I actually into ob before there is mental expectation, roll on roll, 8 or 9 o'clock off work is also acceptable, I did not expect to really to do the project situation, every day in the early hours of the morning off work, I really fear that I do not know when it will die suddenly. 😂😂😂
ob is pretty much criticized by the gv$ob_sql_audit view, if there are a large number of things in the database inside the execution of the contents of this view will soon be brushed away, and do query analysis is very slow, just a predicate filtering statement is estimated to be executed for a few minutes to get the results, it is difficult to analyze the business interface in the end which thing is slow SQL.
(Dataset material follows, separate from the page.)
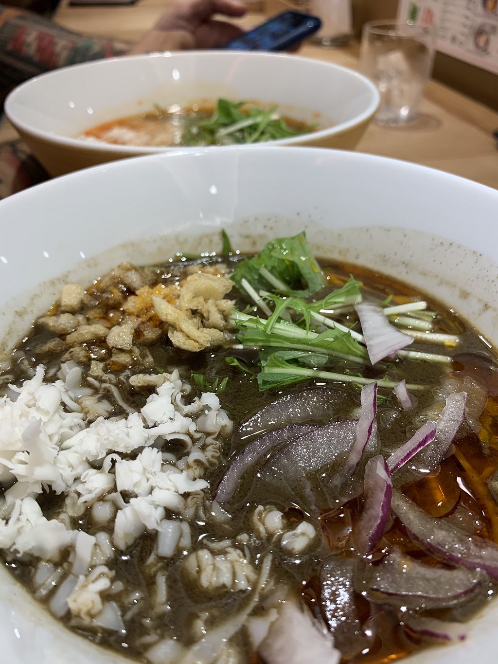 Left is Spicy Dan Dan, and right is Black Sesame Dan Dan

Although the ob_sql_audit_percentage parameter can be adjusted through the gv$ob_sql_audit view of the saved content, but if the continuous high concurrency pressure test case, the same will also be inside the content of the very fast refresh, so we need to gv$ob_sql_audit data persistence to the data table inside, add appropriate indexes used to analyze the server layer different scenarios business interface sql statement, in the end slow in which link, to target tuning.
So I went to the site to understand the situation, spend half a day writing and debugging extract_sqlaudit_proc this procedure to help me grab the server layer data, this process subsequently help me analyze the performance of different scenarios to save a lot of effort.
1, xz_sql_audit table, extract_sqlaudit_proc process code
Key Note: This option is only available on oracle tenants.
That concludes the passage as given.